• Exercise goal:
Under this line are the records; write out word for word the part that begins at the line containing "Apel Srawung Agung" and ends at the line containing "La cola de salida", and no more.

------ Given records

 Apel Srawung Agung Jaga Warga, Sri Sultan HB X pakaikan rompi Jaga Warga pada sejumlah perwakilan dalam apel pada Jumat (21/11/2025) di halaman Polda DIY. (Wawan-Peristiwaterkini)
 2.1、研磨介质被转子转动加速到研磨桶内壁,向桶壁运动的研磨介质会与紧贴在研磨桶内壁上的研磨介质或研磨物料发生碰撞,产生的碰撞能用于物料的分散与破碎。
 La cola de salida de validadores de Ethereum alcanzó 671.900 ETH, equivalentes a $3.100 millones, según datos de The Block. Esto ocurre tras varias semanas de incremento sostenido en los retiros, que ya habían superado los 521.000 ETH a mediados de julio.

------------
------ Given records

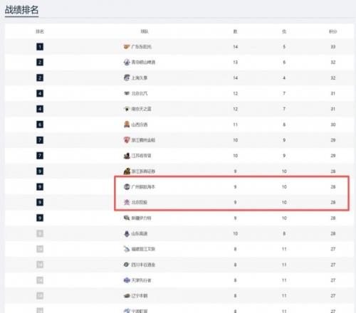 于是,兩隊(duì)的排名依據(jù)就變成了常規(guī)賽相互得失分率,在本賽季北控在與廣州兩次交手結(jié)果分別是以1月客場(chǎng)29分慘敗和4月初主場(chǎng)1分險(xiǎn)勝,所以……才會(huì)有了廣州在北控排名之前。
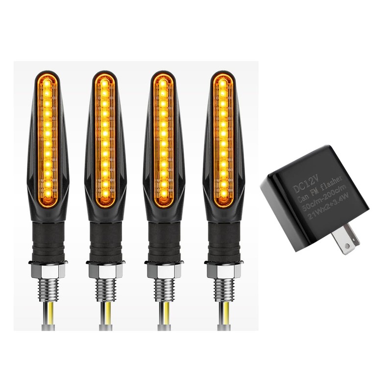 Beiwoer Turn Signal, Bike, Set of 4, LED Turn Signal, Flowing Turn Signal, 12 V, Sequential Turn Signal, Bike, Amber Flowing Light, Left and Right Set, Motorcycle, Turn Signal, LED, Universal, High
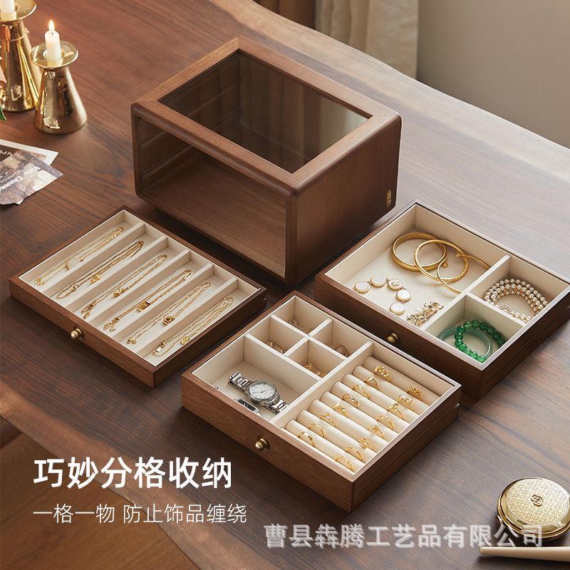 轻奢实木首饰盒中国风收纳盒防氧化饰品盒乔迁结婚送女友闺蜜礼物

------------
------ Given records

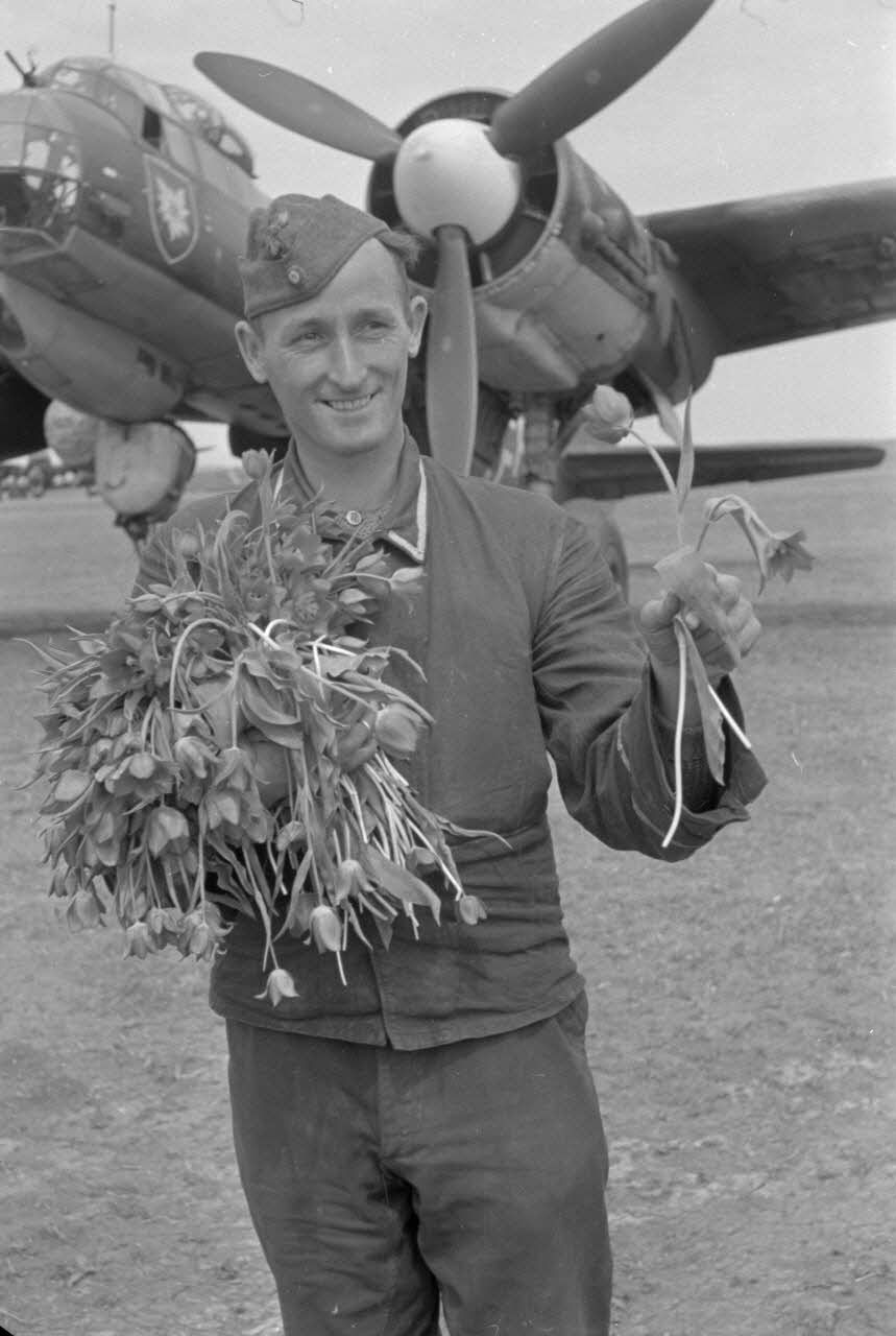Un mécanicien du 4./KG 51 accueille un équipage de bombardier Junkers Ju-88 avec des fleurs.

------------

• Result for this task:
 Apel Srawung Agung Jaga Warga, Sri Sultan HB X pakaikan rompi Jaga Warga pada sejumlah perwakilan dalam apel pada Jumat (21/11/2025) di halaman Polda DIY. (Wawan-Peristiwaterkini)
 2.1、研磨介质被转子转动加速到研磨桶内壁,向桶壁运动的研磨介质会与紧贴在研磨桶内壁上的研磨介质或研磨物料发生碰撞,产生的碰撞能用于物料的分散与破碎。
 La cola de salida de validadores de Ethereum alcanzó 671.900 ETH, equivalentes a $3.100 millones, según datos de The Block. Esto ocurre tras varias semanas de incremento sostenido en los retiros, que ya habían superado los 521.000 ETH a mediados de julio.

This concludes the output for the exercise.